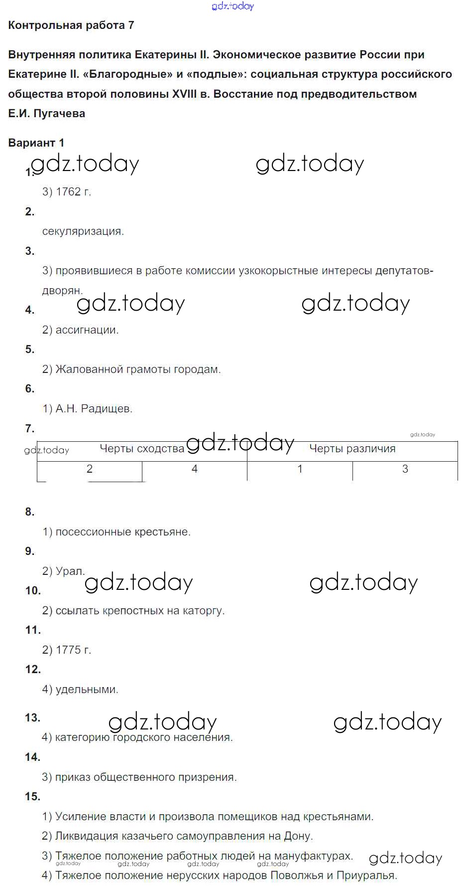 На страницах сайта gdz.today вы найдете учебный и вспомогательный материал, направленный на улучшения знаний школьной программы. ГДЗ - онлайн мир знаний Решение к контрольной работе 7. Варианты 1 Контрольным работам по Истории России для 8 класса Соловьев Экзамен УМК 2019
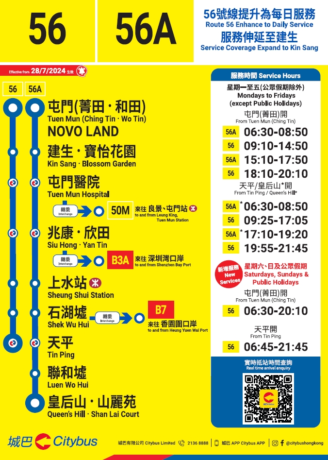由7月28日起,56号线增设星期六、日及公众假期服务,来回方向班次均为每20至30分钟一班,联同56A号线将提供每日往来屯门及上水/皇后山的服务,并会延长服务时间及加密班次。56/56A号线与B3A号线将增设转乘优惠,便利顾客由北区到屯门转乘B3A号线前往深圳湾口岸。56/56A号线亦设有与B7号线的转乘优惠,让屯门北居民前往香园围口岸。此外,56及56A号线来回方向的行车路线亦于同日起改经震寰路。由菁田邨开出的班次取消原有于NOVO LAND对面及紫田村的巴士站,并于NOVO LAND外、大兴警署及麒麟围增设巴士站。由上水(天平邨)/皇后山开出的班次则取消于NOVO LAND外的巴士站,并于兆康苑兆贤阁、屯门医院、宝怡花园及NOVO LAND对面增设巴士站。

_ _ _

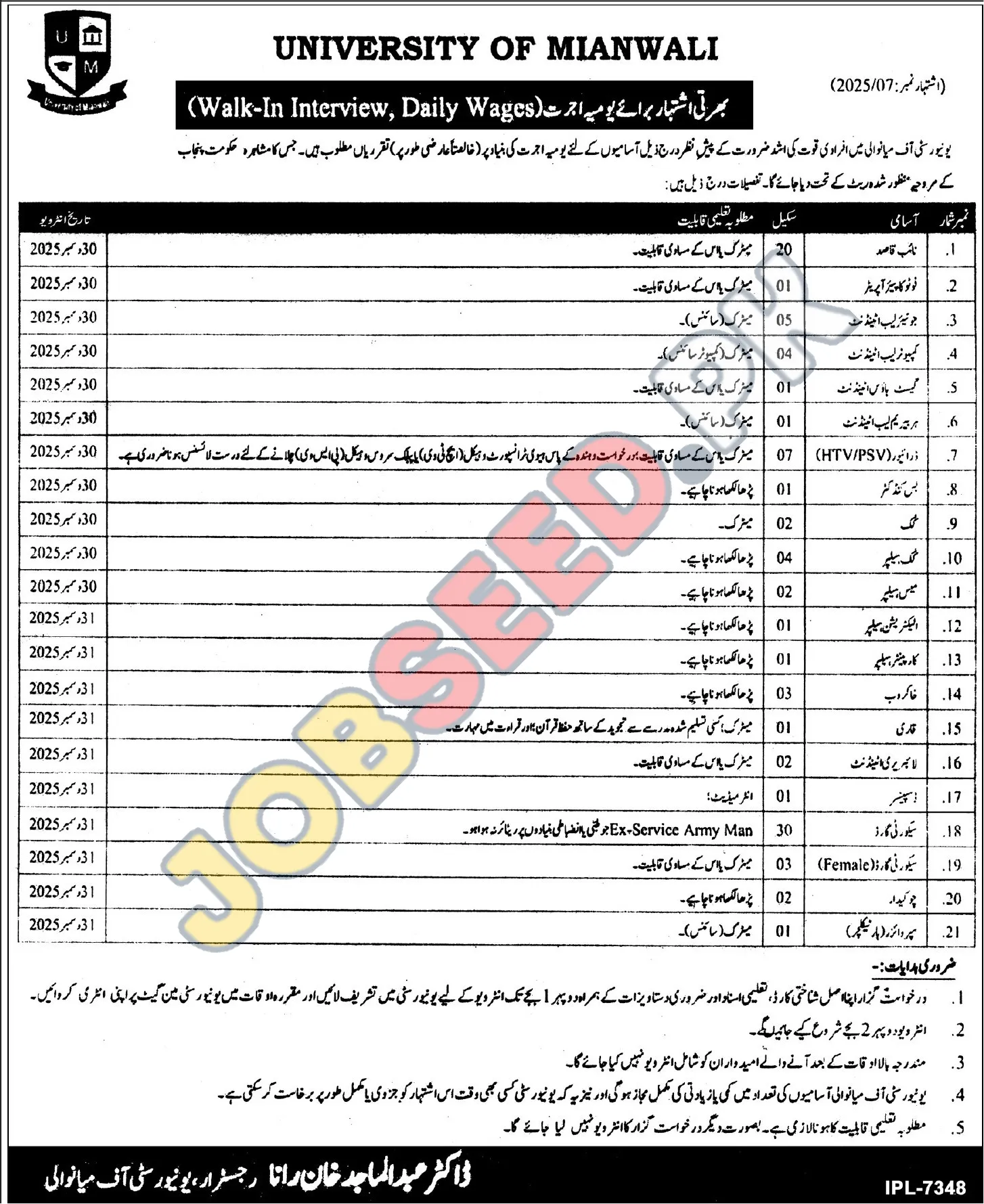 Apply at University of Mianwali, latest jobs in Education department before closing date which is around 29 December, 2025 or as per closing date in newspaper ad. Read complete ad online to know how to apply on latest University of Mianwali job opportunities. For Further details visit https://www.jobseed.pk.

_ _ _

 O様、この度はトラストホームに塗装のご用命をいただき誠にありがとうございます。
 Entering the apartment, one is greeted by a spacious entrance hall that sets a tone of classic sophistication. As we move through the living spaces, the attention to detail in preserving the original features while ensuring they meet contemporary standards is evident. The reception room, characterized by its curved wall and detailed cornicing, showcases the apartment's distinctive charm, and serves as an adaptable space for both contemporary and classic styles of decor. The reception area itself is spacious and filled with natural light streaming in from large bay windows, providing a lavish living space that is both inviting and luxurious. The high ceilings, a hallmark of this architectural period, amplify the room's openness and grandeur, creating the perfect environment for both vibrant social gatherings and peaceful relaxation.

_ _ _

§ EXERCISE AIM
Look above for the line that contains "O様、この度はトラストホームに塗装のご用命をいただき誠にありがとうございます。". Starting there, transcribe every line exactly until you have copied the line that contains "Entering the apartment, one".

§ SOLUTION
 O様、この度はトラストホームに塗装のご用命をいただき誠にありがとうございます。
 Entering the apartment, one is greeted by a spacious entrance hall that sets a tone of classic sophistication. As we move through the living spaces, the attention to detail in preserving the original features while ensuring they meet contemporary standards is evident. The reception room, characterized by its curved wall and detailed cornicing, showcases the apartment's distinctive charm, and serves as an adaptable space for both contemporary and classic styles of decor. The reception area itself is spacious and filled with natural light streaming in from large bay windows, providing a lavish living space that is both inviting and luxurious. The high ceilings, a hallmark of this architectural period, amplify the room's openness and grandeur, creating the perfect environment for both vibrant social gatherings and peaceful relaxation.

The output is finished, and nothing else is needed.